In replication there will always be a delay – post SQL 2000 it is never using a distributed transaction – so the choice for the agent job is a continuous schedule or a repeating one. I always use a repeating schedule for my jobs. If I need them to run quickly this could be every 5 mins. One reason is the problematic accumulation of history records that are not removed.
Have a look below. I’m checking for the oldest record in the msmerge_history table and it is 1st Jan 2017. However manually running the cleanup procedure to remove all history older than 2 days shows 0 records deleted!!!
So – the history records keep accumulating in the distribution database.
This is because the filter in the cleanup proc to remove records looks at the datetime in the session history. As the merge agent runs in one session it continually updates the session time. So for the cleanup query it seems that the history records have always all just been created. Really this is a logic bug in the cleanup proc but since it has always been there either you let the history table get huge or you need to restart the merge agent. Remembering to do this is a pain – so that’s one reason why I use a repeating schedule!

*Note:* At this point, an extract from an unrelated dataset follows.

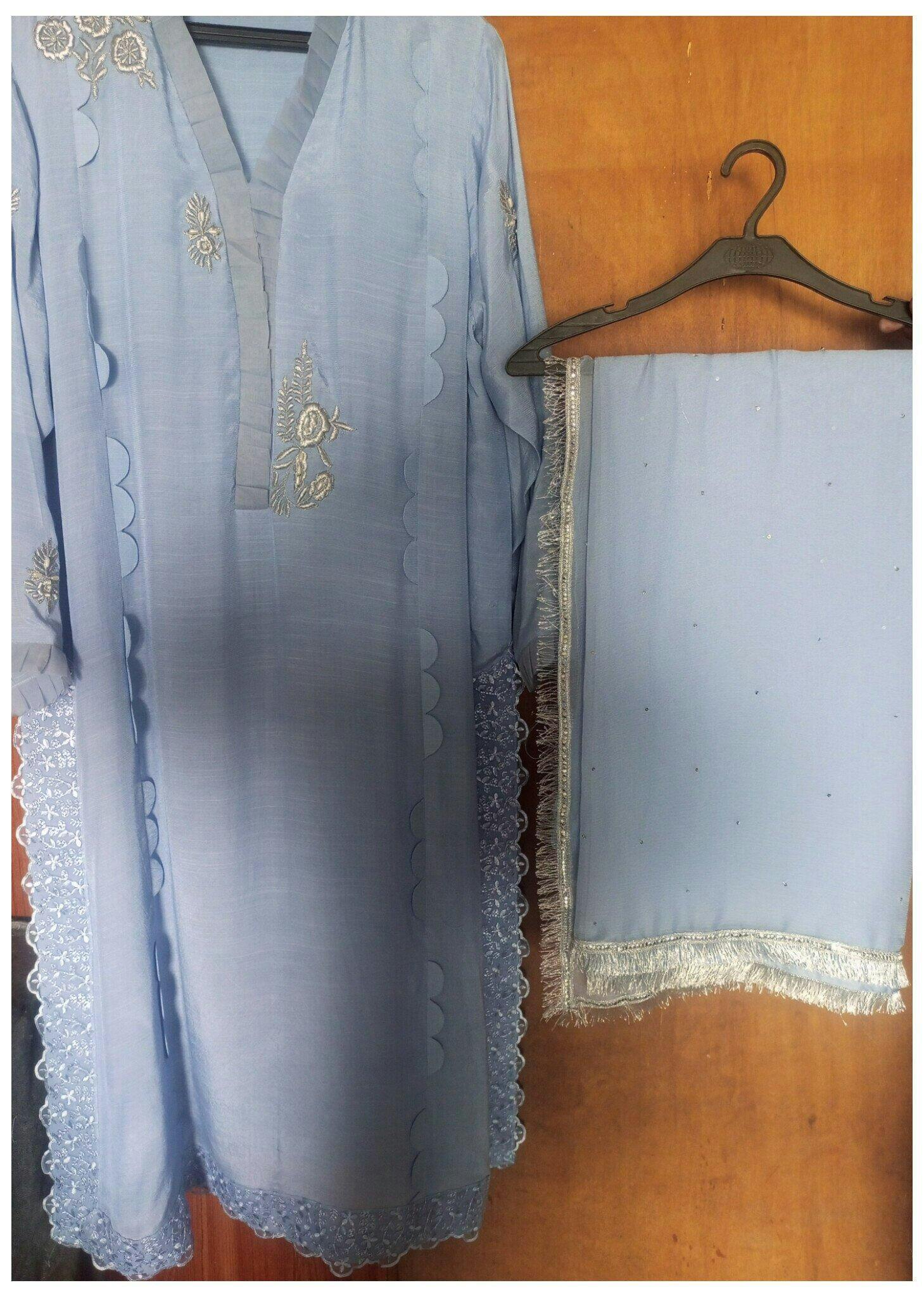 The perfect for spring festivities, boasting a stunning color also elegant raw silk long shirt features a beautiful neckline adorned with beautiful embroideries. Paired with raw silk long pants and embellished dupatta, this look exudes elegance and sophistication, ideal for any special occasion.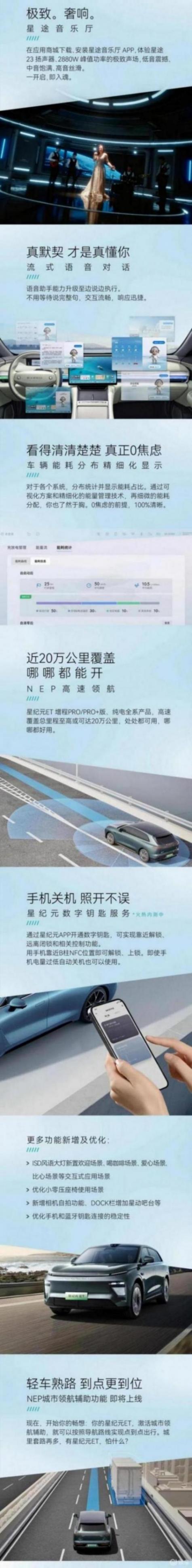 近日,星途官方表示,旗下星紀元ET將迎來首次OTA升級推送。此次OTA升級將涵蓋音響、智能語音、車輛能耗顯示、NEP高速領航等功能的新增與優化。

When looking at the subscriber we may find that there are rows missing, although synchronization works without errors. I mentioned BULK INSERTS as one possible cause. Here we look at another – “Fast Loads”.
If the developers are using SSIS to insert data into a merge-replicated table, open their SSIS pakages and have a look at the data flow task:
In particular look at the properties of the OLEDB Destination:
The default Data access mode is to perform a “Table or view – fast load”. This works incredibly quickly but it doesn’t fire table triggers and merge needs triggers to know what data to replicate. So – tell the devs to use “Table or view” and data will get replicated just fine :). I’ll do another post to explain what to do if the data is already messed up and you need to repair it.